There is renewed optimism in the Tanzanian media space following the ascension to power of President Samia Suluhu whose regime is keen to relax some of the laws deemed punitive to journalists and media houses.
Tanzania has experienced an unprecedented decline in press freedom over the past five years, with the East African country falling 53 places in an international ranking by Reporters Without Borders in 2021.
In 2016, Tanzania was ranked number 71 on the World Press Freedom Index but declined to 124th position in both 2020 and 2021 rankings, marking the biggest drop during this period among all 180 researched countries.
The reversal occurred during the reign of late president John Magufuli, who died last year, and was replaced by President Samia Suluhu Hassan amid optimism that there would be a new dawn for the media industry with promises for swift reforms.
Legal and regulatory framework
Tanzania’s Constitution guarantees freedom of speech, but does not specifically mention press freedom and this has opened the room for the government to routinely clamp down on the media industry.
There is optimism that President Hassan’s administration will repeal laws introduced by her predecessor in order to muzzle the media such as the Media Services Act, which was signed into law by Magufuli in 2016 to replace the Newspaper Act of 1976. The Media Services Act gives the government all the power to control the operations of the media industry in Tanzania.
It gives the Information minister the power to license newspapers annually and the government has routinely used this law to shut down publications that criticise its policies or expose corruption.
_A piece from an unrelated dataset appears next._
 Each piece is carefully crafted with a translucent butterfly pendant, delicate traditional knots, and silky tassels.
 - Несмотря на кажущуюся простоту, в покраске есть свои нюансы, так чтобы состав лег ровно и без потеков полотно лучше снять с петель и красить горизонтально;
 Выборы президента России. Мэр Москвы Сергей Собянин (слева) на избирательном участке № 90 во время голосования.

The minister can order publications to report on issues of “national importance”.
Through the same law, the Information minister enjoys de facto control over the Journalists Accreditation Board and the Independent Media Council, bodies that are charged with upholding ethical and professional standards in the media.
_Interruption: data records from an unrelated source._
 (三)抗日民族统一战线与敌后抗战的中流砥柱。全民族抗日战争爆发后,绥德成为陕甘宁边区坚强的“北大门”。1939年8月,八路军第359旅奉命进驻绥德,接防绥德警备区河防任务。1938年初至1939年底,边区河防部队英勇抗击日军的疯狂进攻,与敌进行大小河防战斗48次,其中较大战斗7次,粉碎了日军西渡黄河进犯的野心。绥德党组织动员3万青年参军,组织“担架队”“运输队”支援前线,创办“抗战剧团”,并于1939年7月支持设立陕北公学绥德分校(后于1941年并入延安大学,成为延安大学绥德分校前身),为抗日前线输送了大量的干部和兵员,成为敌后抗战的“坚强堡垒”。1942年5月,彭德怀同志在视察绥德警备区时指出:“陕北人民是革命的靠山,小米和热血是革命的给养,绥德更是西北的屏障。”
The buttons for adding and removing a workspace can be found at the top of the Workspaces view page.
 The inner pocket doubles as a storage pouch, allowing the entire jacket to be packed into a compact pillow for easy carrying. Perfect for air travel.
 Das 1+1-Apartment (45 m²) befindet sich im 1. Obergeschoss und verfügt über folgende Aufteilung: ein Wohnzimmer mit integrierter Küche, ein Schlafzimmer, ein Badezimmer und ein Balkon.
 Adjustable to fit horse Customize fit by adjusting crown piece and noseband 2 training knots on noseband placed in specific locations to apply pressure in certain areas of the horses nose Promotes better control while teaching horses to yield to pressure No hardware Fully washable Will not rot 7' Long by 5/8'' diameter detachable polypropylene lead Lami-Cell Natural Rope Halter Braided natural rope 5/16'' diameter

All journalists are required to obtain accreditation every year and are compelled to be members of the Media Council.
Both bodies are only independent on paper as their board members are appointed by the Information minister.
Media pluralism and diversity
Research by the Media Council and Reporters Without Borders through the Media Ownership
Monitor in 2018 revealed that Tanzania’s population gets its news mostly from outlets belonging to one of the four major companies, be it in print or broadcasting. Mwananchi Communication Limited, a subsidiary of the Nairobi-based Nation Media Group, dominates the print media market followed by the IPP Media Group, New Habari (2006) Ltd and the Tanzania Standard Newspapers, which is owned by the government. IPP Media Group dominates the broadcasting sector. The government owns Tanzanian Broadcasting Corporation and there is Azam Media Ltd as well as Clouds Entertainment.
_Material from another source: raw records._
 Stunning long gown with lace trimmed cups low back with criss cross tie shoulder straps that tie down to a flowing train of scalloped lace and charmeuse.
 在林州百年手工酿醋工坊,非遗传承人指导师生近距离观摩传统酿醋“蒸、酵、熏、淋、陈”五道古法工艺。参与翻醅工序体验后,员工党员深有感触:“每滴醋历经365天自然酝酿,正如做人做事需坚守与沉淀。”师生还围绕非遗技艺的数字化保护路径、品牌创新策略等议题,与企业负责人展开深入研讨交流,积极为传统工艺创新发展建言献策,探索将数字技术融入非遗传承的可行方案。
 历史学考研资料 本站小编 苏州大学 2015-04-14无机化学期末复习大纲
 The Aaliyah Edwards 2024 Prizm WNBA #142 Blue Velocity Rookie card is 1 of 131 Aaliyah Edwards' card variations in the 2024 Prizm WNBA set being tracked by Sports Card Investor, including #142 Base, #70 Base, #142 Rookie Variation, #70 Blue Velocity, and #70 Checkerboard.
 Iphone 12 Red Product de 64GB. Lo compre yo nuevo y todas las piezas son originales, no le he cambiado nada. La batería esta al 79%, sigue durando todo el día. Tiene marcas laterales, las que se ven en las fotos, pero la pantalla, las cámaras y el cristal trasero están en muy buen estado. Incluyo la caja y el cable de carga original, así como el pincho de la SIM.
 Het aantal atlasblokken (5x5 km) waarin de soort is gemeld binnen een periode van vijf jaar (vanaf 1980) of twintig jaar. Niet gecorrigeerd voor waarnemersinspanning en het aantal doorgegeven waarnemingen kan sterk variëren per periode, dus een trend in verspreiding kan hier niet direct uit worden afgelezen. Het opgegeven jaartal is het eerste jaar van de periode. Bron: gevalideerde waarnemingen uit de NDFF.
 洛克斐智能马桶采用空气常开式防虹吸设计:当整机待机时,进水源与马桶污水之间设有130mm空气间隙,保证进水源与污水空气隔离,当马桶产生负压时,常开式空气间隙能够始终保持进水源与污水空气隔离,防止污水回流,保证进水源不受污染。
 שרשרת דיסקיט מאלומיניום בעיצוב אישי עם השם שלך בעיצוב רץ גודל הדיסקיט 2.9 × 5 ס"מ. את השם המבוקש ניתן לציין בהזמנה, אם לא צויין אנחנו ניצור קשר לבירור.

Some journalists in small towns across Tanzania reported threats and intimidation from authorities during 2020 and 2021. Between January and April 2020, at least 13 media workers, including seven journalists and bloggers were arrested and prosecuted for allegedly contravening the Online Content Regulations of 2018.
On June 23, 2020, the government revoked the licence of the Swahili daily tabloid, Tanzania Daima, citing alleged repeated violations of national laws and journalism
ethics. Newsrooms in commercial hub Dar es Salaam and other urban centres claim they routinely came under pressure from regulatory bodies such as the Tanzania Information Services and the Tanzania Communications Regulatory Authority (TCRA) over their content.
Journalists’ safety and protection
Between January and April 2020, at least 13 media workers, including seven journalists and bloggers were arrested and prosecuted for allegedly contravening the Online Content Regulations of 2018.
The charges included failure to register websites and YouTube channels at the state-run Tanzania Communications Regulatory Authority (TCRA), the country’s communications watchdog, which oversees online content.
Newsrooms in commercial hub Dar es Salaam and other urban centres claim they routinely came under pressure from regulatory bodies such as the Tanzania Information Services and the Tanzania Communications Regulatory Authority.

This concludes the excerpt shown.